À la fois vecteur et manifestation de la « première » mondialisation dans la seconde moitié du XIXe siècle, le sport est devenu en l'espace d'un siècle une pratique planétaire dont les disciplines recouvrent des géographies complexes et inattendues.
Du cricket indien au rugby néo-zélandais en passant par le football africain et latino-américain, on peut se demander comment ces nouvelles pratiques anglaises se sont implantées dans les empires formels et informels (britanniques, français, espagnols, japonais, américains, etc.) par le biais des marins, des missionnaires, des instituteurs, des ingénieurs des chemins de fer, des colons et des militaires.
L'essor du sport « moderne » bénéficie du renouveau de l'expansion coloniale, auquel il participe largement en diffusant de nouvelles pratiques et valeurs au service du projet social et culturel impérial. La « sportivisation » des sociétés métropolitaines et coloniales participe d'une seule et même « mission civilisatrice ». Au-delà de la perpétuation du lien communautaire entre les colons, le sport a pour fonction de discipliner le corps de l'« indigène » et moraliser son comportement social.
Toutefois, le sport en situation coloniale ne se réduit pas à l'exportation et à l'imposition de normes européennes et de codes sociaux aux sociétés autochtones. Les pratiques sportives sont réinventées, réappropriées, transformées au contact des populations colonisées.
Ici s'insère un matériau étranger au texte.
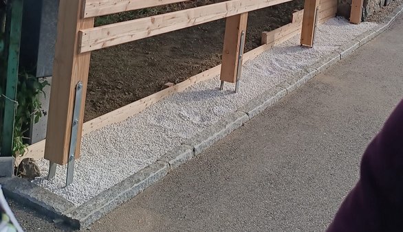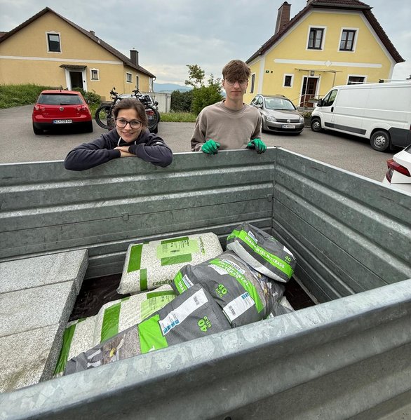 Gemeinsam haben wir das Vlies aufbereitet, Erde aufgeschüttet und den Schotter schön verteilt!

Ainsi, la « créolisation » du football latino-américain et « l'indigénisation » du cricket indien révolutionnent la technique, le style de jeu et la géopolitique du sport. De nouvelles identités nationales se fondent en partie sur des disciplines sportives et le sport représente très tôt un terrain d'affrontement où les populations colonisées remettent en question la domination européenne.
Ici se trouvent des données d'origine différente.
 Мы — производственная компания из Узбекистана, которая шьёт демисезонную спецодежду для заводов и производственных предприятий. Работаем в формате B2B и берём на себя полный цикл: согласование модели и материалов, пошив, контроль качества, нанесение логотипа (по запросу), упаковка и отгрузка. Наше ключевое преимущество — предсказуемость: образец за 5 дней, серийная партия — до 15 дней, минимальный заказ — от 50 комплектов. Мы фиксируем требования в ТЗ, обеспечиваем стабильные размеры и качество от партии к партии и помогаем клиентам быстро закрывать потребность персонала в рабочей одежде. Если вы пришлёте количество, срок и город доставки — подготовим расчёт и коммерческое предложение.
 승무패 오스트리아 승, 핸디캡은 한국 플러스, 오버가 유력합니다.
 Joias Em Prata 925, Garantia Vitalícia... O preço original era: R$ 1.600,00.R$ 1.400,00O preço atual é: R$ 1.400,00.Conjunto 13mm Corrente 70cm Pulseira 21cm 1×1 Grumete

Ce livre adopte une démarche comparative et pluridisciplinaire : il s'agit d offrir pour la première fois une analyse globale des pratiques sportives dans les empires coloniaux contemporains, en étudiant les enjeux politiques, culturels, sociaux et économiques de la première mondialisation du sport du milieu du XIXe siècle aux décolonisations.
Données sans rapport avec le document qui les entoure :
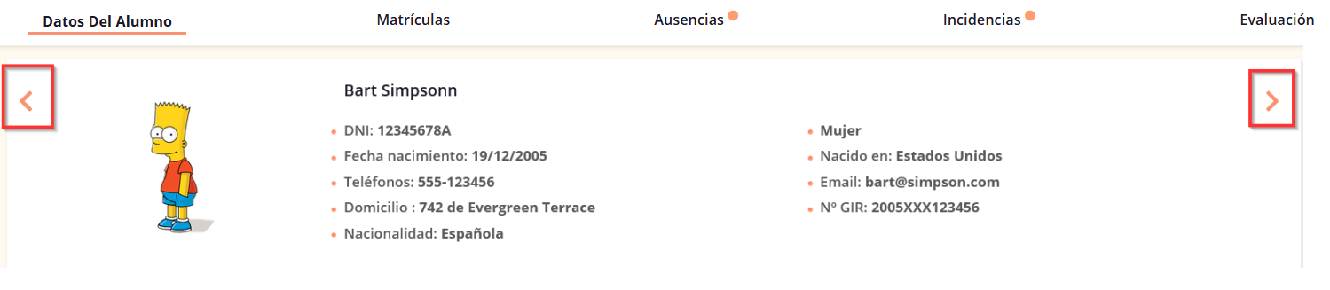 - Datos del alumno: datos básicos del alumnado así como datos de contacto.

Pierre Singaravélou, maître de conférences en histoire contemporaine à l'Université Paris 1 Panthéon-Sorbonne et chercheur à l IRICE (CNRS/Paris 1/Paris 4), étudie les empires coloniaux français et britannique aux XIXe et XXe siècles. Julien Sorez, agrégé d histoire et chercheur associé au Centre d histoire de Sciences Po, travaille sur l'histoire du sport au XXe siècle.